Patent application GB-A-2060944 proposes a device to control the position of a seat moved by a multi-pole motor. By means of the monitoring of the current circulating through the different poles of the motor, the counting of pulses generated by each one of the poles is carried out and is compared with a reference, which enables determining the seat position. A memory is proposed which has stored therein a series of desired positions which can be selected to force the seat to move until it reaches the selected position. Said memory, as well as the logic used by the device, are integrated in a microprocessor.
A similar but somewhat more advanced proposal is that carried out by patent application EP-A-0997341, which relates to a control device for a movable member including a direct current motor, said device operating such that it memorizes a specific position of the movable member, and although the member is moved to another position, it can be returned to the memorized position by means of a simple switching operation. A pulse generating circuit according to the ripple of said motor, for finding out the position of the movable member at all times and to thus compare it with the memorized position so as to actuate the motor in one direction or the other until reaching said memorized position, is also proposed. The proposed control allows adjusting the movable member, such as a seatback, for example, to different user profiles. To offset the movements of the motor due to inertia, the memorization of a series of correction values which have been experimentally obtained for different motors is proposed.

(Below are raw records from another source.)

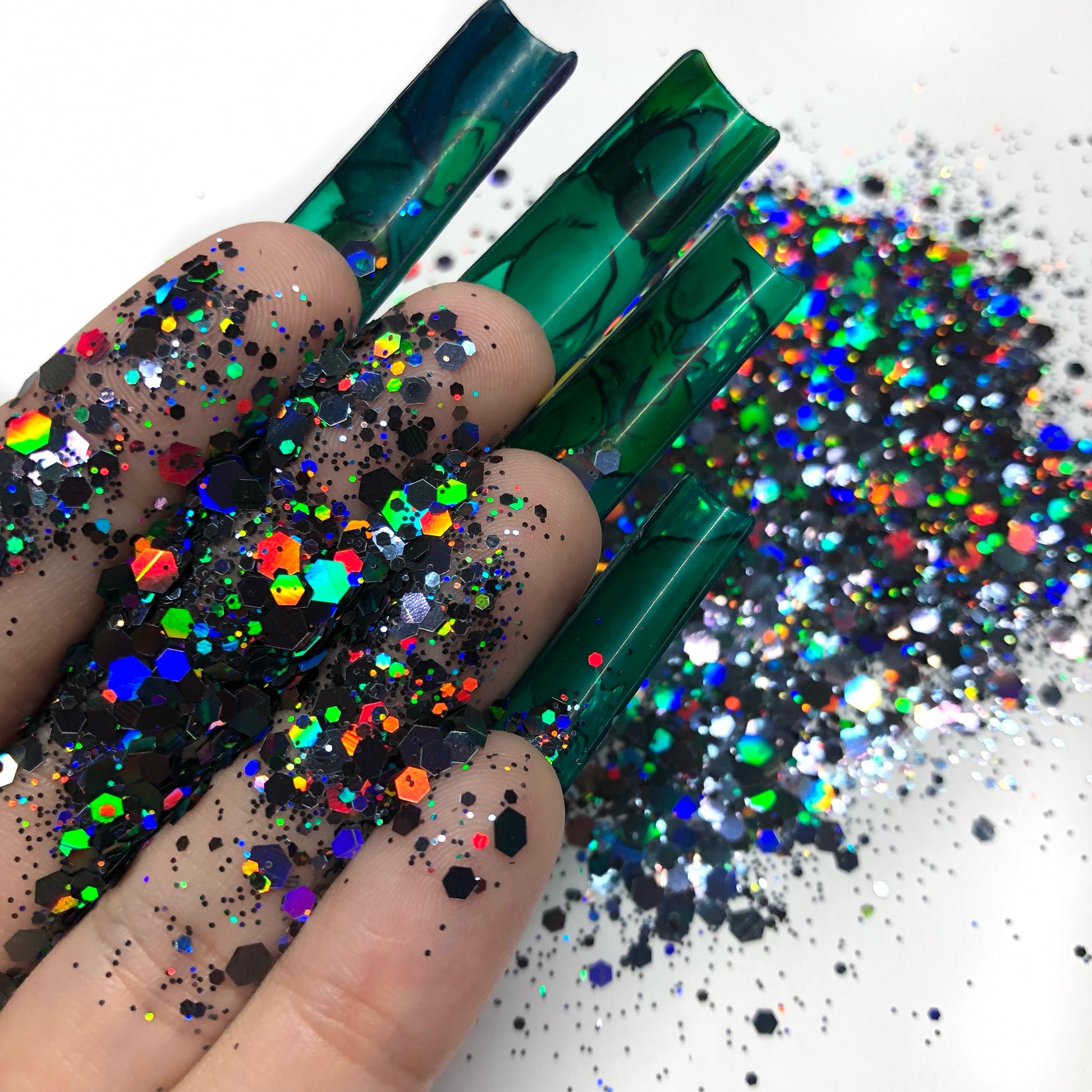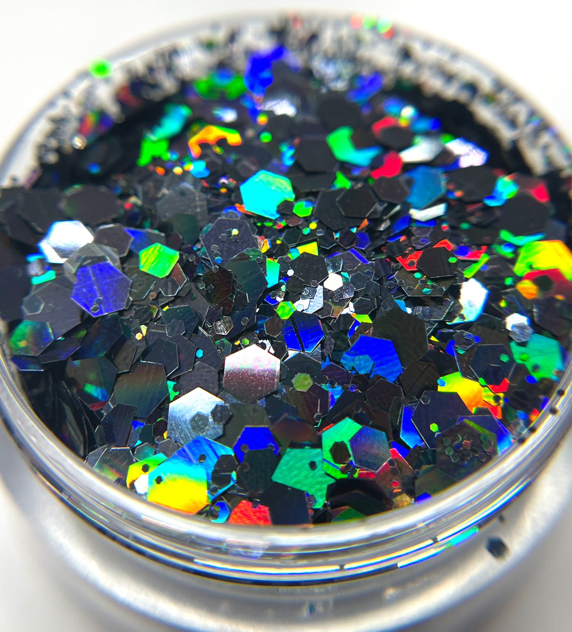 8g of ultra-fine holographic glitter — a deep midnight black for bold, dramatic nail art.
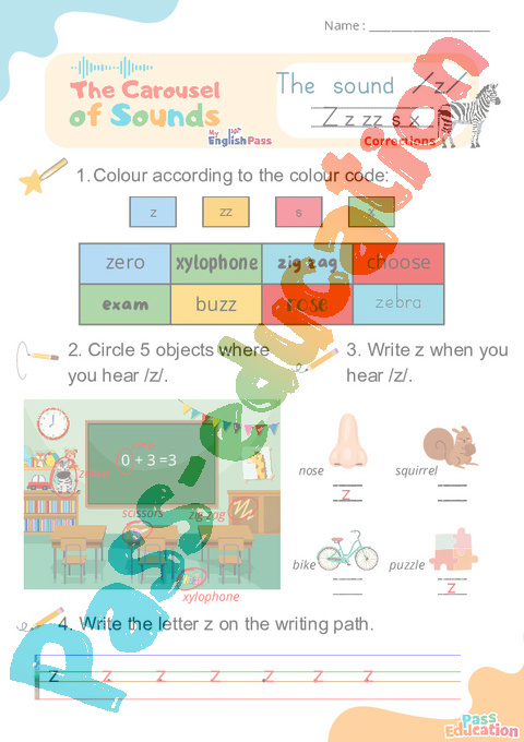 Carousel of Sounds : Maternelle 2 Primaire 1, 2, 3, 4, 5 – Vidéo interactive + Fiche sur le son : /z/ z zz s x.
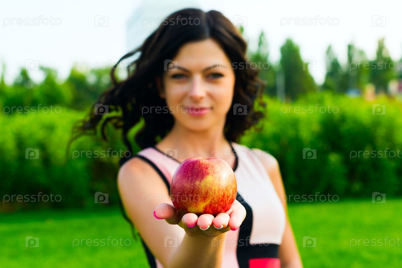 Молодая женщина держит яблоко
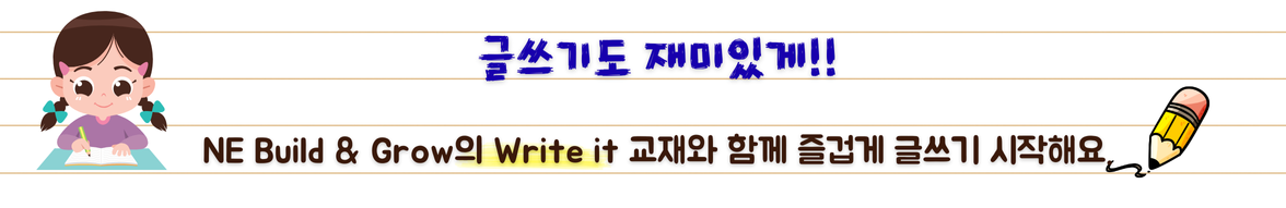 본 수업은 NE Build&Grow의 “Write It Beginner 1” 교재를 중심으로 진행됩니다. 원활한 수업 참여를 위해 교재를 사전에 준비해 주세요.

Although said second background document, unlike the first one, takes into account the movements of the motor not produced by the application of voltage, but rather by inertia, it does not contemplate any other type of causes which can distort the measurements obtained when monitoring the intensity, such as interferences. Nor does it develop a method for achieving said position correction, but rather it simply explains that the memorized correction values have been obtained experimentally.
None of said background documents takes into account either the different behavior of the motor depending on whether said motor is operating in a transient state, such as the start-up, or in a steady state.